The Bank of Canada took many policy measures, such as deferred payments on mortgages and loan balances, to ease the pressure of the pandemic on people. Canada’s fiscal deficit also saw a record high ofover C$ 343 billion in its bid to accommodate the COVID-related support programs.

Before his exit from the Cabinet, former Finance Minister Bill Morneau and Prime Minister Justin Trudeau is said to have butted heads over the latter’s coronavirus-related policies and the rising deficit it was adding to. Trudeau’s push for environment-friendly projects in the 2021 budget and the Ottawa government’s expenditure on COVID-related programs had also faced a pushback from Morneau.

While the government’s spending offers support to the people through the COVID-19 crisis and helps the economy heal, experts feel that it will also expand the already-high deficit.

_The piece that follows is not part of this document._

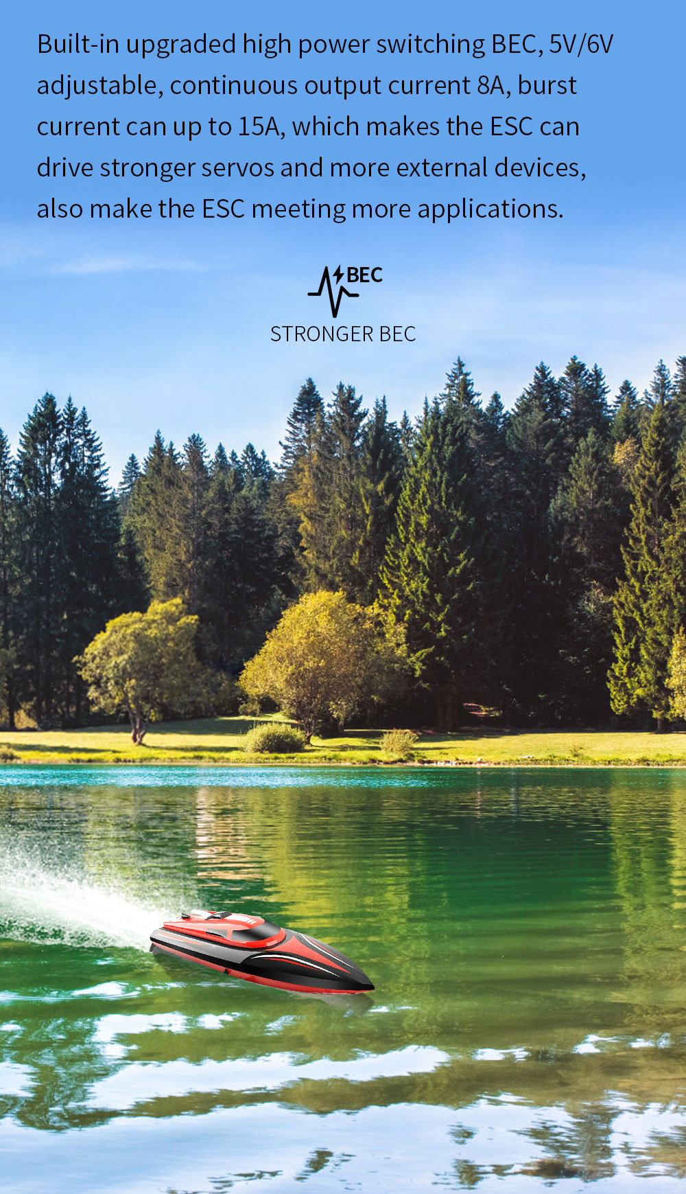 - Actual Bidirectional Operation with Reverse: Unlock full maneuverability on the water. This ESC provides genuine forward and reverse thrust, giving you critical control for braking, backing out of tight spots, and precise docking. It offers seamless compatibility with standard radio systems for instant reverse activation.

Prorogation of the Parliament

Shortly after the swearing-in of Finance Minister Chrystia Freeland last month, Prime Minister Trudeau announced the prorogation of the Canadian Parliament until September 23. He later denied media speculation that this decision was taken to cause an election in October.

A prorogation essentially means that bills that are in the pipeline expire, although they can be started again later. When Trudeau called to prorogate the Parliament, the decision was met with much pushback as many COVID-related programs were still in the pipeline. Some reports said that the Prime Minister made this move in order to cover up the WE Charity scandal.

Trudeau, in the wake of the announcement, said it was not a responsible move to go on with the government's recovery plan regarding the pandemic without the House of Commons’ approval. However, he also told the reporters that a hike in interest rates is the “last thing Canadians need”.